Integration with SVRC Hardware
SVRC provides pre-configured robot setups that are compatible with RoboMimic workflows, eliminating the hardware integration burden:
- OpenArm — SVRC's open-source 6-DOF robot arm. We provide a RoboMimic-compatible action wrapper that maps OSC_POSE actions to OpenArm's joint controller at 20 Hz. Dataset collection uses the same HDF5 format, so you can train directly with RoboMimic algorithms without format conversion.
- Franka Panda — the default RoboMimic robot. SVRC operates Franka systems with deoxys controllers pre-configured for RoboMimic-compatible data collection and policy deployment.
- Bimanual setups — for the Transport task on real hardware, SVRC provides dual-arm ALOHA-style systems with synchronized data collection at 50 Hz. The data format matches RoboMimic's bimanual structure directly.
All SVRC-collected datasets are validated against the RoboMimic HDF5 schema before delivery, ensuring they load directly into the training pipeline without modification.
Frequently Asked Questions
- What is RoboMimic used for? RoboMimic is a framework for benchmarking and developing offline imitation learning algorithms for robot manipulation. It provides standardized datasets, training pipelines, and evaluation protocols so researchers can fairly compare algorithms like BC, BC-RNN, BCQ, and IQL on the same tasks.
- What algorithms does RoboMimic support? Six algorithms: BC, BC-RNN, BCQ, CQL, IQL, and TD3-BC. Users can also add custom algorithms via the modular config system.

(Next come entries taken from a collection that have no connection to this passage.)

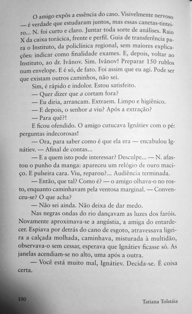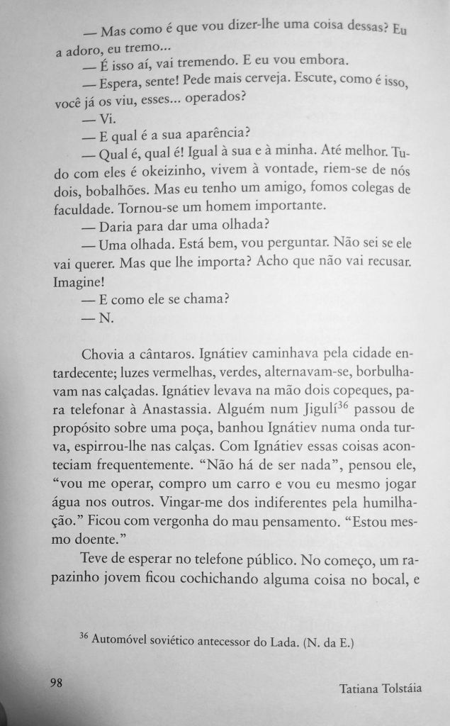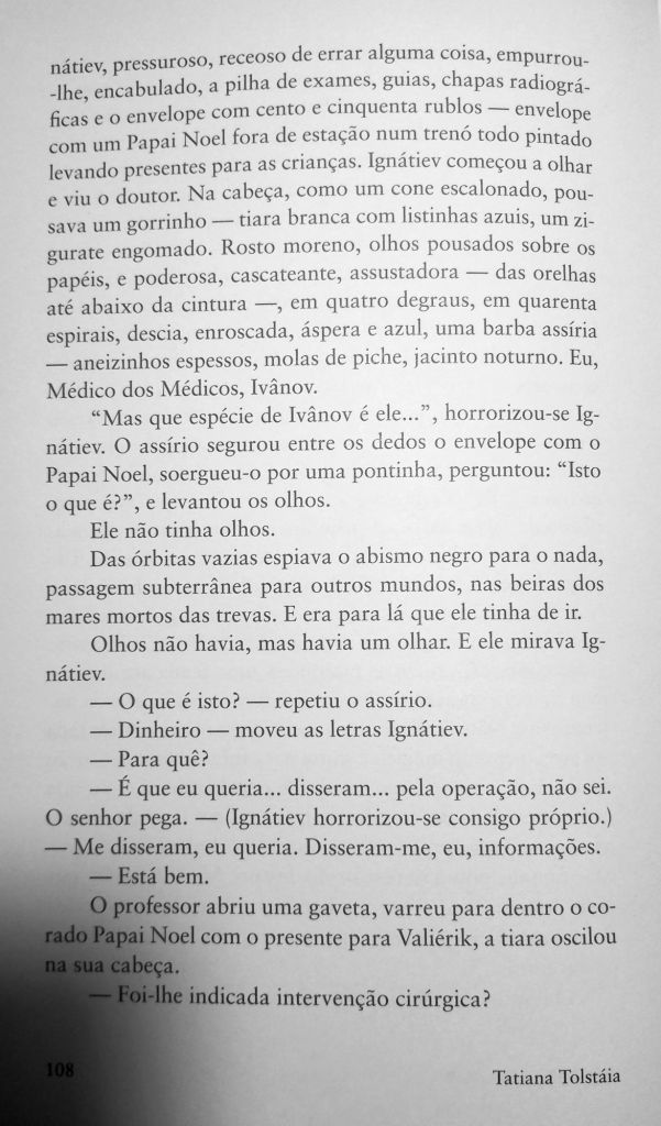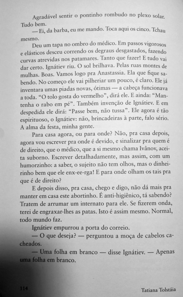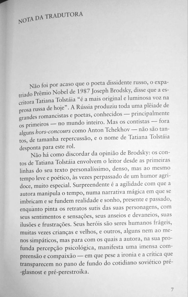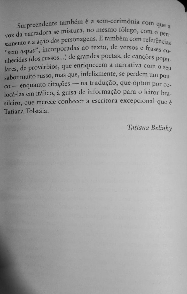 Tatiana Tolstáia é, como o nome sugere, descendente de Lev Tolstói e Aleksei Tolstói, além de vários outros escritores. Russa de Leningrado, 73 anos, publicou o primeiro livro, No Degrau do Ouro, em 1987, o que a torna contemporânea das Liudmilas Petrochévskaya e Ulítskaya. Ao contrário da primeira, não envereda tanto pelo fantástico, e, diferente da segunda, não se interessa tanto pela profundidade psicológica de seus personagens. Investindo num tom entre a fantasia e o realismo mágico, parece se aproximar mais de contos como “O nariz”, de Gógol – bem, como dizia Dostoiévski, “todos somos filhos de Gógol”. Seu forte são histórias meio malucas com crianças viajandonas e velhos angustiados, em que subitamente o tempo cronológico (Chronos) parece invadido pelo tempo mitológico (Kairós). E tudo bem. Suas narradoras são frequentemente bem-humoradas, um pouco na linha de Bulgákov; porém, sua linguagem é muitas vezes barroca, abusando de descrições verborrágicas, torneios verbais e mudanças surpreendentes na dinâmica dos enredos, que são quase atmosféricos. Aqui tem uma boa leitura de todos os contos dessa coletânea, que acaba de sair no Brasil editada pela 34 e traduzida por Tatiana Belinky.
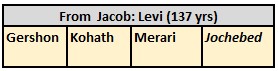 Exodus 6:16 These are the names of the sons of Levi according to their generations: Gershon, Kohath, and Merari (and a daughter Jochebed who married her brother’s, Kohath’s) son, Amran). And the years of the life of Levi were one hundred and thirty-seven.
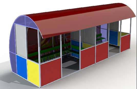 Двойной павильон — крупногабаритная уличная конструкция размером 1200 x 400 x 280 см, предназначенная для предоставления просторного места для отдыха и укрытия в игровых зонах, парках или учебных заведениях. Его дизайн выделяется значительной длиной 12 метров, представляя собой расширенный комплекс, способный одновременно вместить большие группы людей.
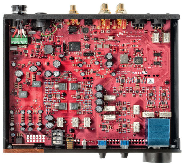 Ferrum stosuje więc układ ESS Technology ES9028PRO, obecnie jeden z nowocześniejszych konwerterów. ES9028PRO obsługuje nawet sygnały PCM 32/768 oraz DSD1024, czego jednak sam Ferrum Erco nie potrafi prawdopodobnie ze względu na konfigurację interfesjów wejściowych. Bezpośrednio przy przetworniku widać kość zegara taktującego oraz rozbudowane stabilizatory napięcia zasilającego.
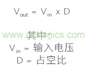 占空比是指開關(guān)導(dǎo)通時間(活動時間)與變換頻率的整個期間 T 之間的比率。 然而,上述等式僅在設(shè)備不產(chǎn)生損耗的理想情況下才成立。 真實情況比較復(fù)雜,實際性能不僅受損耗的影響,而且還受溫度和時間變化的影響。
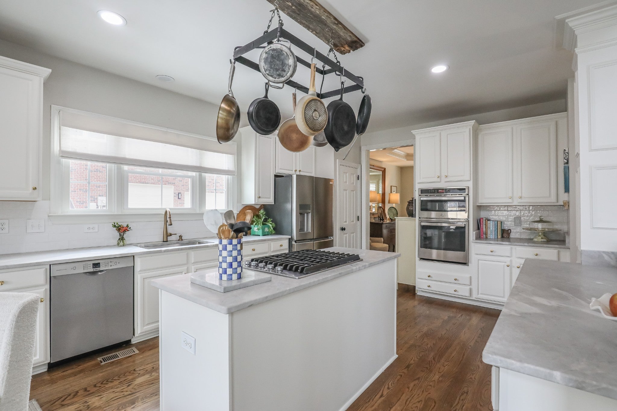 - Built-In Electric Oven, Cooktop, Dishwasher, Disposal, Freezer, Microwave, Refrigerator, Stainless Steel Appliance(s)

- Do I need a GPU to train RoboMimic policies? For low-dimensional observation policies, a modern CPU works but is slow. For image-based policies, an NVIDIA GPU with at least 8 GB VRAM is required. An RTX 3080 or better is recommended.
- Can I use RoboMimic with real robot data? Yes. RoboMimic accepts any HDF5 dataset that follows its format specification. Collect demonstrations on a real robot, convert them to the RoboMimic HDF5 format, and train with the same algorithms.
- How does RoboMimic compare to LeRobot? RoboMimic focuses on offline imitation learning benchmarks with robosuite. LeRobot (Hugging Face) is broader, covering data collection, multiple simulation backends, and real robot deployment. Many researchers use RoboMimic algorithms within LeRobot pipelines.
- What success rates should I expect on the benchmark tasks? Lift: 95-100% (BC). Can: 80-95% (BC). Square: 60-85% (BC-RNN). Transport: 30-60% (BC-RNN). These vary with data quality and hyperparameters.